# Grits



## goodgiver (Jan 11, 2005)

Once again I misjudged the amount of grits I needed for a meal.   Since I have a lot left over, does anyone have any suggestions as to what I can do with left over grits.


----------



## kitchenelf (Jan 11, 2005)

mmmmmm....... You could make grit cakes - take the grits and mix with some cheese, roasted pablano peppers seeded and diced, salt, pepper, and diced spring onions - form into a patty and put in flour, then egg wash then breadcrumbs.  Fry on each side.  You can saute some onions and peppers until browned then toss in some shrimp and cook JUST until done.  Serve with the grit cakes.

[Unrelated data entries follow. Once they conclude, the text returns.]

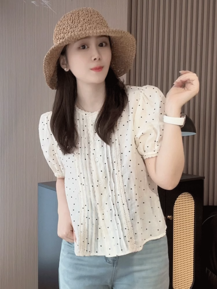 波点雪纺衫短袖衬衫女2025新款夏季漂亮洋气小衫独特别致雪纺上衣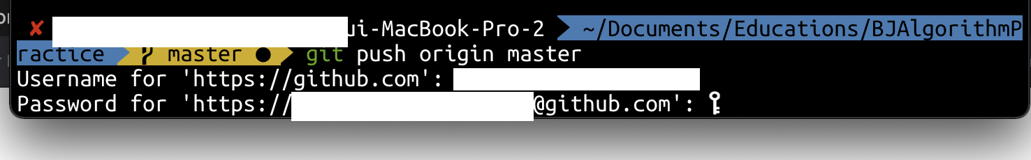 이후 push를 시도하면, 계정 / 비밀번호를 묻습니다. 여기에서 개인 github 계정 이메일과 앞서 복사했던 personal 토큰 비밀번호를 입력해주면, 정상적으로 push가 동작하는 것을 확인 가능합니다.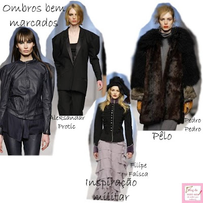 - Regressam os chumaços e os ombros BEM marcados: foram presença assídua em quase todas as colecções e serão, sem dúvida, uma tendência forte! As peças com pêlo continuarão a usar-se, bem como casacos e outras peças de inspiração militar!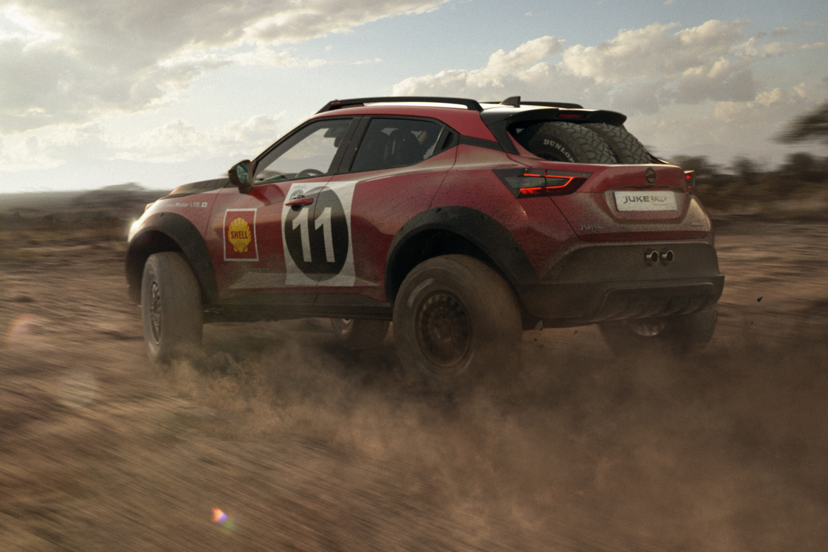Nissan has unveiled a Juke Rally Tribute digital concept today, designed to celebrate the 50th anniversary of the legendary 240Z sports car’s East Africa Rally victory – and remind us there’s a new Z car coming.

Or.......... you could just use as a starch side dish and mix with different cheeses, garlic, salt and pepper and heat in microwave (I say microwave because the cheese sticks really bad to a pan on the stove.


----------



## goodgiver (Jan 11, 2005)

*grits oops*

Sorry I put my question in the wrong catagory.  I have finally learned how to use the search. Hopefully I will soon learn where to put things. I am a big fan of
mesen plas (poor speller)


----------



## kitchenelf (Jan 11, 2005)

lol -  no problem - mis en place - when I cooked professionally I was known as Mrs. Mis En Place - I guess it carries over!!! LOL

What was your original recipe?


----------